GENEVA: The standoff between Iran and the United States is a “clash of wills,” a senior commander of Iran’s powerful Revolutionary Guards said on Thursday, suggesting any enemy “adventurism” would meet a crushing response, Fars news agency reported.
Tensions have spiked between the two countries after Washington sent more military forces to the Middle East in a show of force against what US officials say are Iranian threats to its troops and interests in the region.
“The confrontation and face-off of the Islamic Republic of Iran and the malicious government of America is the arena for a clash of wills,” Iran’s armed forces chief of staff Major General Mohammad Baqeri said.
He pointed to a battle during the 1980-88 Iran-Iraq war where Iran was victorious and said the outcome could be a message that Iran will have a “hard, crushing and obliterating response” for any enemy “adventurism.”

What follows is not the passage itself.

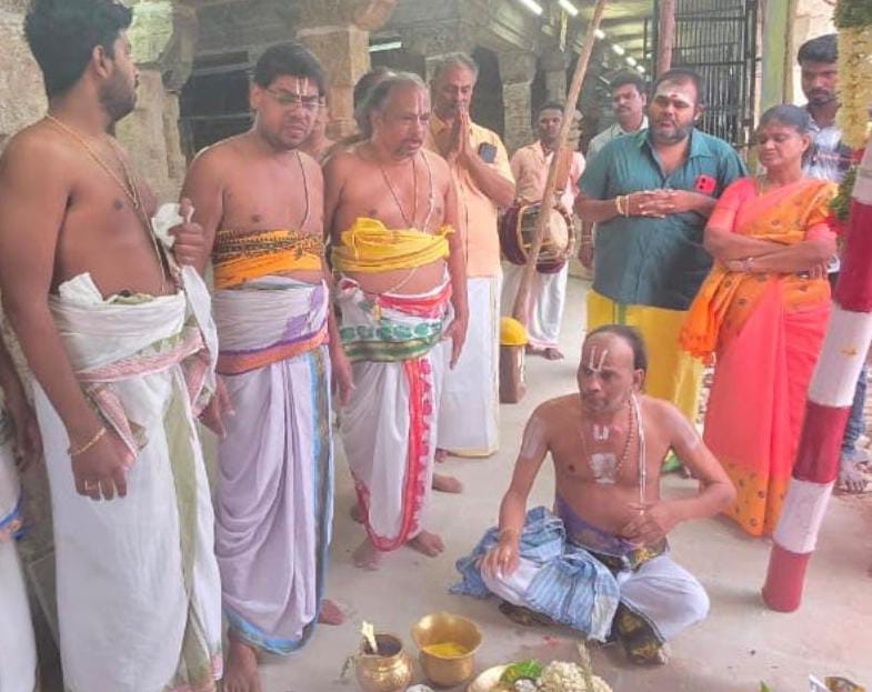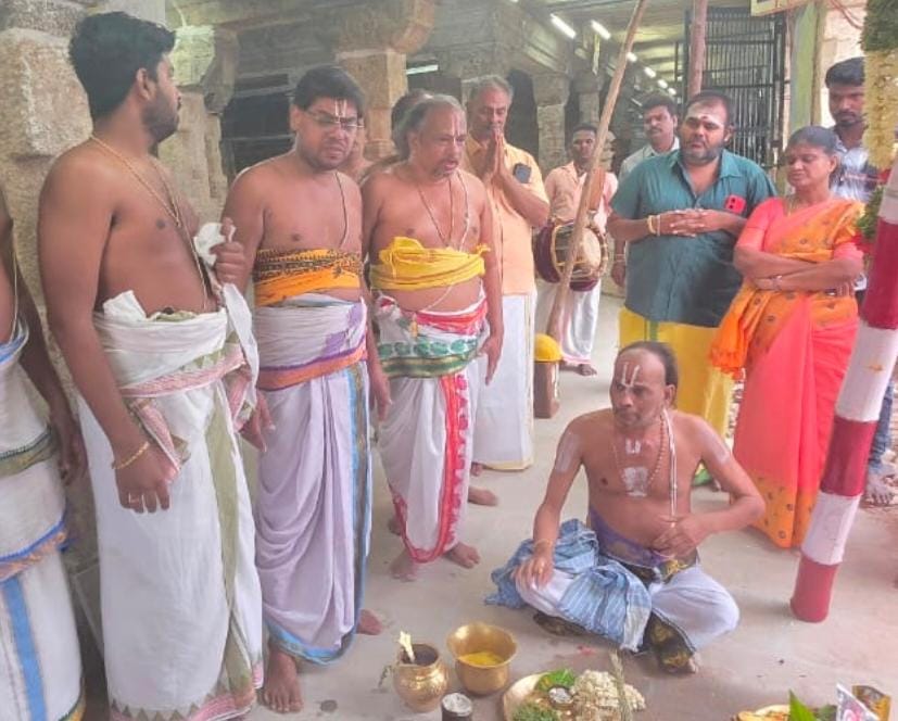 இதனை முன்னிட்டு சீனிவாச பெருமாளுக்கு சிறப்பு திருமஞ்சனம் அலங்காரம் செய்யப்பட்டு பெருமாள் ராஜ அலங்காரத்தில் திகழ்ந்தார் இதனை தொடர்ந்து கோயில் அர்ச்சகர்கள் ரகுராம பட்டாச்சாரியார் கிரி பட்டர் பத்ரி பட்டர் ஆகியோர் வைணவ ஆகம முறைப்படி பூஜைகளை செய்து முகூர்த்தக்கால் நட்டு வைத்தனர்.இந்த நிகழ்ச்சியில் கோயில் செயல் அலுவலர் சௌ.சக்கரை அம்மாள் கோயில் மணியம் கர்ணன் திருப்பணி உபயதாரர்கள் கோயில் அலுவலர்கள் பக்தர்கள் திரளாக கலந்து கொண்டனர்.

On Sunday, US President Donald Trump tweeted: “If Iran wants to fight, that will be the official end of Iran. Never threaten the United States again!“
Trump restored US sanctions on Iran last year and tightened them this month, ordering all countries to halt imports of Iranian oil or face sanctions of their own.

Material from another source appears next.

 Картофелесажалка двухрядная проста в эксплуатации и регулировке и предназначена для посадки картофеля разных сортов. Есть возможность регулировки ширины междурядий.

Trump wants Iran to come to the negotiating table to reach a new deal with more curbs on its nuclear and missile programs.
Reiterating Iran’s stance, the spokesman for its Supreme National Security Council said on Thursday that “There will not be any negotiations between Iran and America.”

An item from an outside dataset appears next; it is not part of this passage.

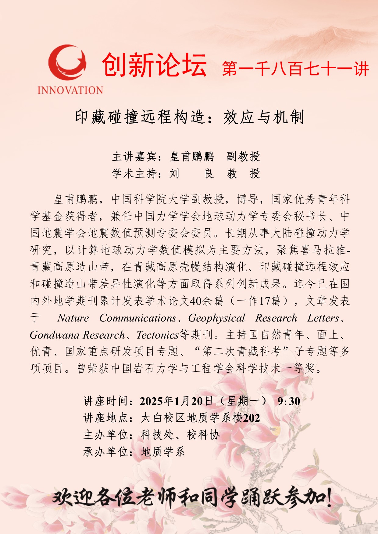 皇甫鹏鹏 副教授 古天乐代言太阳集团城网址创新论坛第一千八百七十一讲:印藏碰撞远程构造:效应与机制 讲座时间 2025年1月20日(星期一) 9:30 讲座地点 太白校区地质学系楼202 讲座人介绍 皇甫鹏鹏 副教授 讲座内容

Keyvan Khosravi was also quoted as saying by the state broadcaster that some officials from several countries have visited Iran recently, “mostly representing the United States.”
He did not elaborate, but the foreign minister of Oman, which in the past helped pave the way for negotiations between Iran and the United States, visited Tehran on Monday.
“Without exception, the message of the power and resistance of the Iranian nation was conveyed to them,” he said.
In Berlin, a German diplomatic source told Reuters that Jens Ploetner, a political director in Germany’s Foreign Ministry, was in Tehran on Thursday for meetings with Iranian officials to try to preserve the 2015 Iran nuclear deal and cool tensions in the region.